What the exercise asks >>
Scan the records below for the line with "Опис Генератор бензиновий" and the line with "З нагоди свята", and retype that range exactly, both ends included, pictures excepted.
### Provided material ###
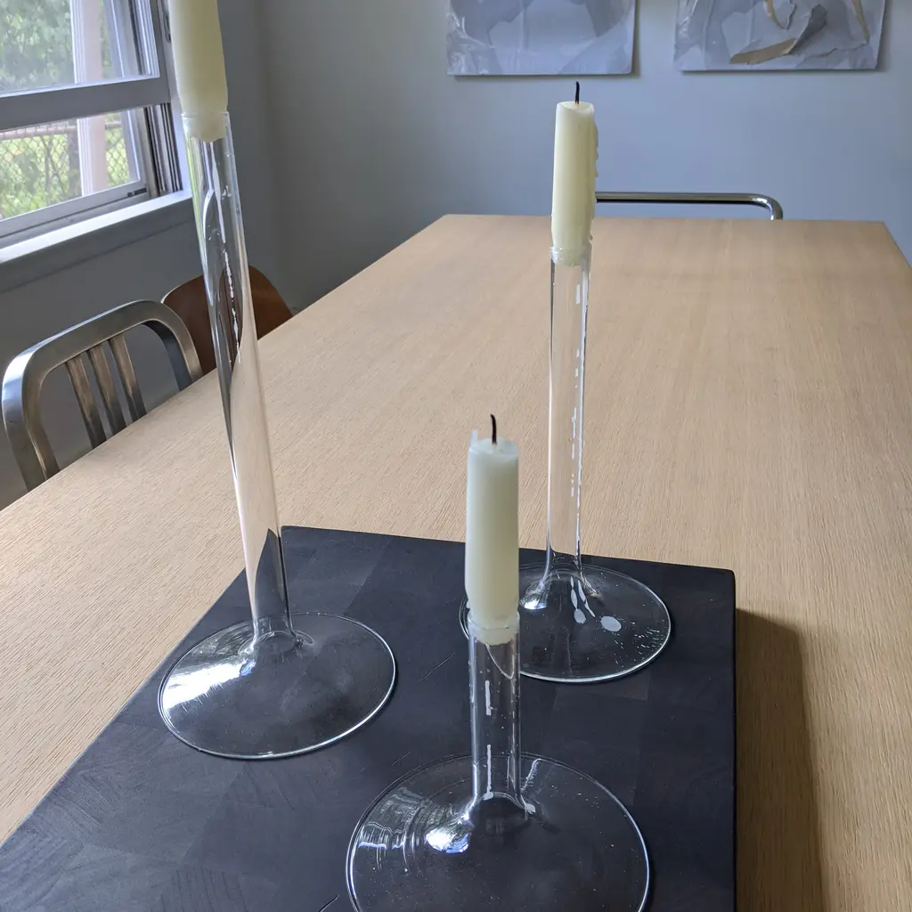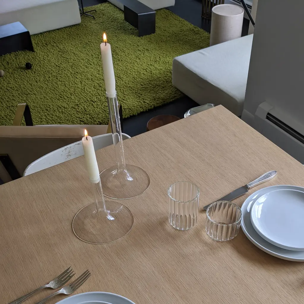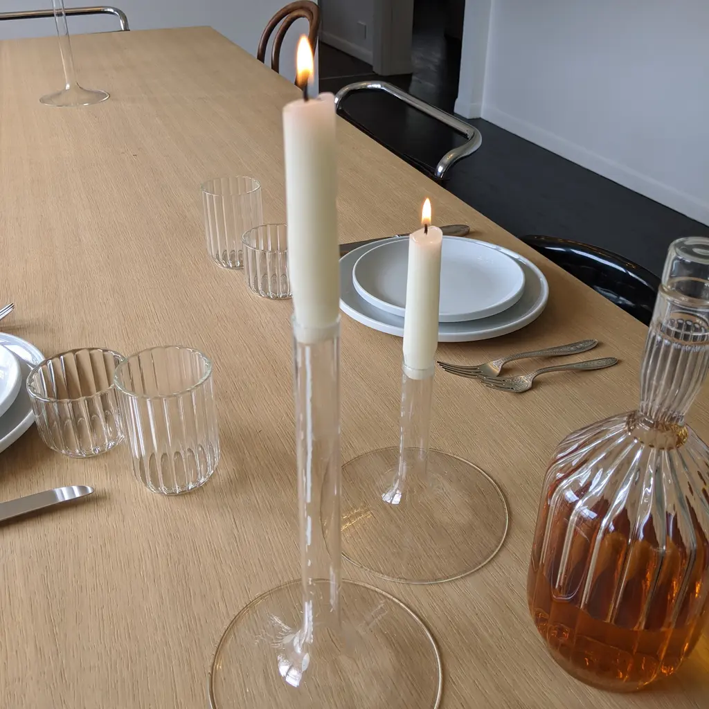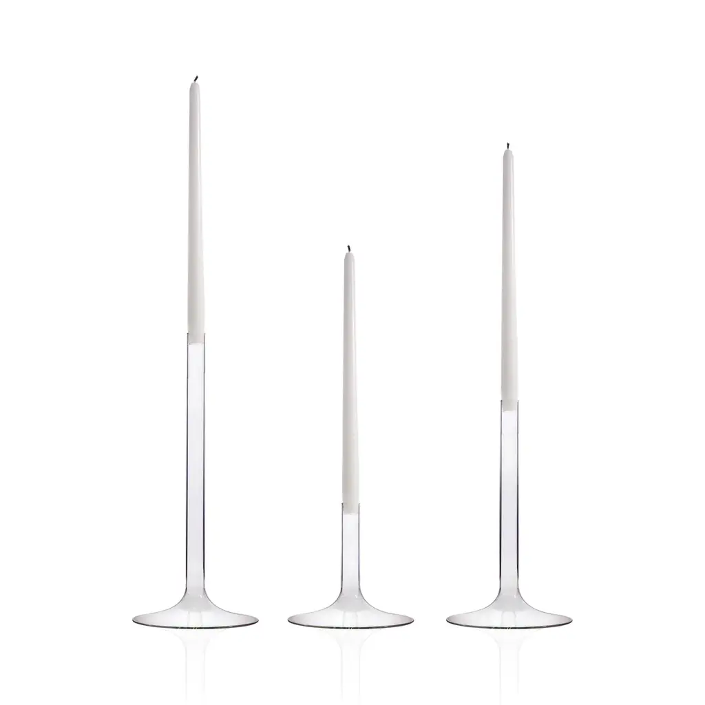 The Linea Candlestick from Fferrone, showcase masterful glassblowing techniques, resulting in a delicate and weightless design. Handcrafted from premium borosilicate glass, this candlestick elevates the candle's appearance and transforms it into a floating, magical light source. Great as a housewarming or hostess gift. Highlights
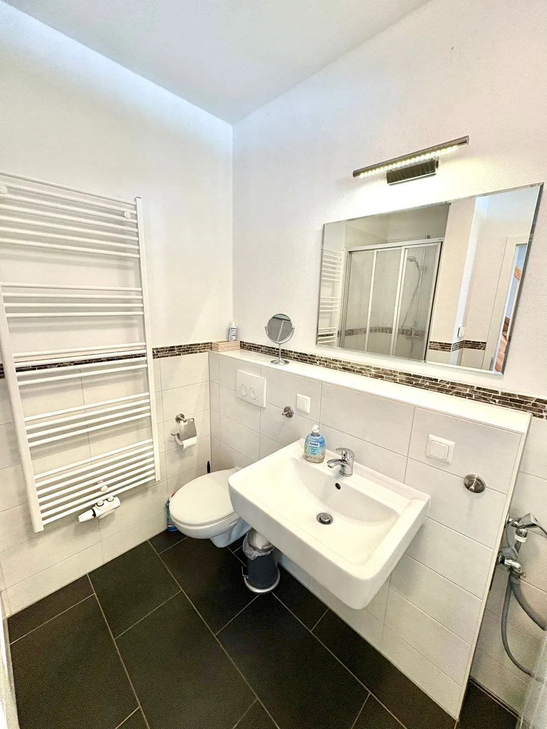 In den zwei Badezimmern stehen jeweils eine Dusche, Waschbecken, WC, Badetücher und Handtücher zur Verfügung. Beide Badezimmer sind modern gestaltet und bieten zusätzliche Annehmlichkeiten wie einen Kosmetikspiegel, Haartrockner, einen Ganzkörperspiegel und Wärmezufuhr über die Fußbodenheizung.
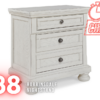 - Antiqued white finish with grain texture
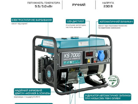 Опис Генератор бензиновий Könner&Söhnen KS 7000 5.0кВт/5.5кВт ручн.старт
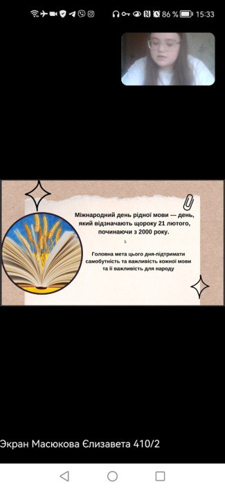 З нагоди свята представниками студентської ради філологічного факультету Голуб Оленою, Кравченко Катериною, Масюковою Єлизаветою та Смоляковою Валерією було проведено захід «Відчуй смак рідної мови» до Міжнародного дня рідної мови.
###
### Provided material ###
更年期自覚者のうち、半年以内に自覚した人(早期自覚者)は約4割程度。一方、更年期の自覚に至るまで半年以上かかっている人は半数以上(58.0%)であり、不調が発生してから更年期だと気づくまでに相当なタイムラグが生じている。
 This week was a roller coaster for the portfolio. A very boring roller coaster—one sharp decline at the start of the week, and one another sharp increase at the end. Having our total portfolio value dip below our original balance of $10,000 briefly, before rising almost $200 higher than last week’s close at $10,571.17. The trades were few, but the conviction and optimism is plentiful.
###
### Provided material ###
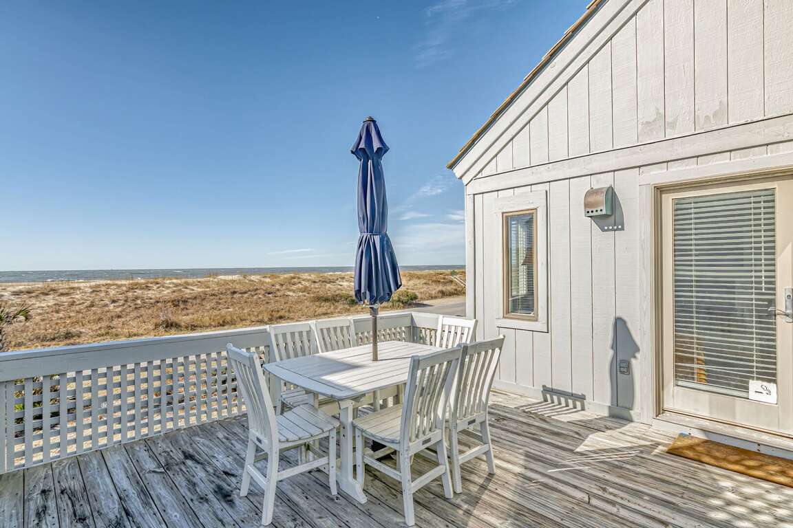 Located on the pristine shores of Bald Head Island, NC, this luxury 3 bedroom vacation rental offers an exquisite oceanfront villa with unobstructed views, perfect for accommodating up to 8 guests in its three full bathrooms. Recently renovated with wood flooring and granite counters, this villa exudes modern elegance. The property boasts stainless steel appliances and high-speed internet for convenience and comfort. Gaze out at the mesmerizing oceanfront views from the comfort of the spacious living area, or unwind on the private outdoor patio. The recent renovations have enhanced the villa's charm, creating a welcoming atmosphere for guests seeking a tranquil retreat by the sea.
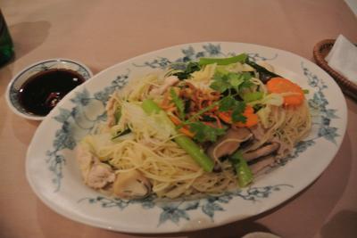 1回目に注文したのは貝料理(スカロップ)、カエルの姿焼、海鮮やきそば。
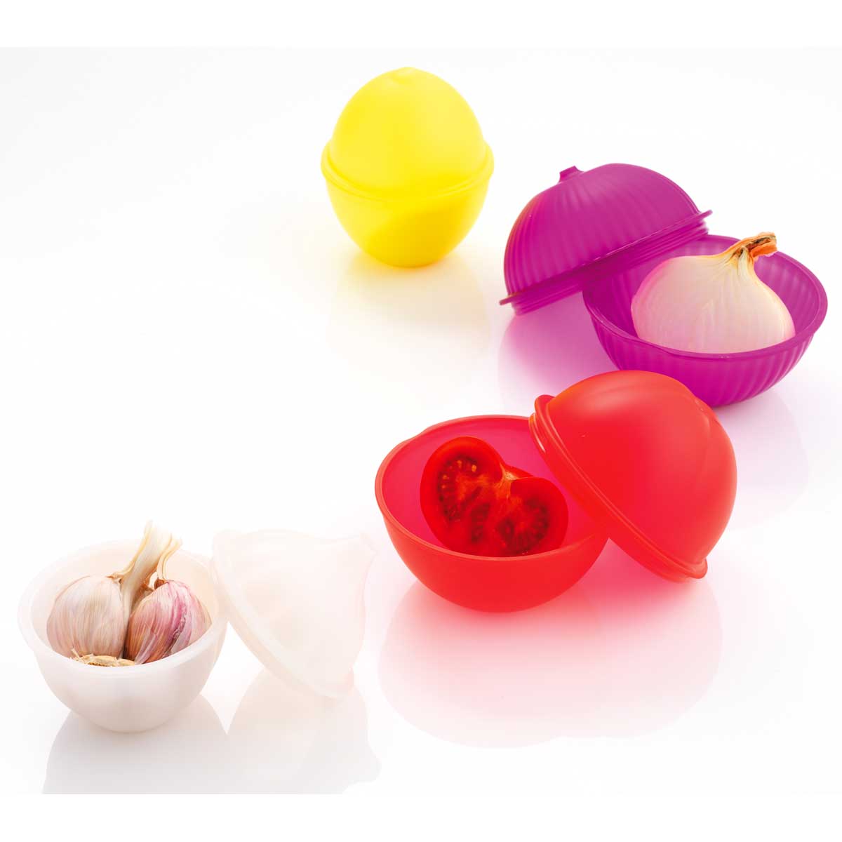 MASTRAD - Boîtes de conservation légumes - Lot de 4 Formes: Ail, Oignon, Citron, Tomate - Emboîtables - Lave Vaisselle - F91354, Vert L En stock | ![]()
###
Exercise response >>
 Опис Генератор бензиновий Könner&Söhnen KS 7000 5.0кВт/5.5кВт ручн.старт
 З нагоди свята представниками студентської ради філологічного факультету Голуб Оленою, Кравченко Катериною, Масюковою Єлизаветою та Смоляковою Валерією було проведено захід «Відчуй смак рідної мови» до Міжнародного дня рідної мови.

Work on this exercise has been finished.